One 6x6 wood post has been repaired/replaced and secured with metal gusset plates on all 4 sides, located approx. 6 inches off the ground and also close to the top of the post. Have any of you seen this type of repair?
I have . I believe it is fine.
It’s okay but still has the possibility of movement due to lack of nails at the splice. I would have used something like this on each corner:
It felt like it was very sturdy, I’ve just not seen this before. House was built in 2006, would like to know why they had to do this… we will never know
What was it holding up?
Good choice, Steve.
No clear on your question
What are the post for and what are they holding up, we can’t see what they are for.
I posted a picture below
Thank you for that.
Well I can say it is not right and it won’t go anywhere and everything above it is not right either but it might go somewhere.
Are you referring to the posts not holding up the joists correctly with the use of beams and are relying on shear force to hold up the joists? over-spanned joists say you? hmmm so what are some possible fixes? give them some credit! they added a few metal hangers
Yeah, I suppose that connection might stay together until it hits the ground. LOL
That part of the post (s) was replaced most likely because it was in contact with the ground and rotted; it will likely need to be replaced again in the near future…
No wood rot, this was replaced (cut) about 6 inches above the ground and again at the top of the post. All other post were in original install… so just this one was replaced for who knows why
Yes, for sure, and only screws at the rim…
Not much was correct about this deck
I totally agree.
Not a great way to do it. Folks routinely forget that this sort of post is essentially a vertical cantilever beam. With this type of splice, at a location near the footing, you want to treat two issues: the large moment, and the broken shear plane.
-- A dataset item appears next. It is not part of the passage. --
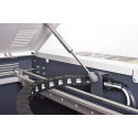 Premsa manual per estampació amb obertura automàtica i plat desplaçable cap al davant.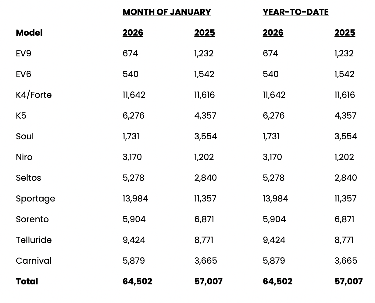 Kia America’s record-breaking sales streak continued into the new year with January sales of 64,502 units, a 13 percent increase over the previous high set in January 2025.

You also need to take into account that the wood has its weakest tensile strength perpendicular to the grain. The optimal repair would have been a scarf joint and through-bolts. Next best would have been a square joint with a shear pin in the center, then moment plates and through-bolting. After that, you get what we see: basically an HRS type of sheet metal plate with nails (some of which are pulling out). It should also be noted this style of plate is designed for tension only, not moment, which makes it a poor choice for a splice located about a foot away from the member’s point of maximum moment.
I would have called it out in a heartbeat.
Thanks for the explanation, Darren. I enjoy expert/professional viewpoints such as yours being a P.E.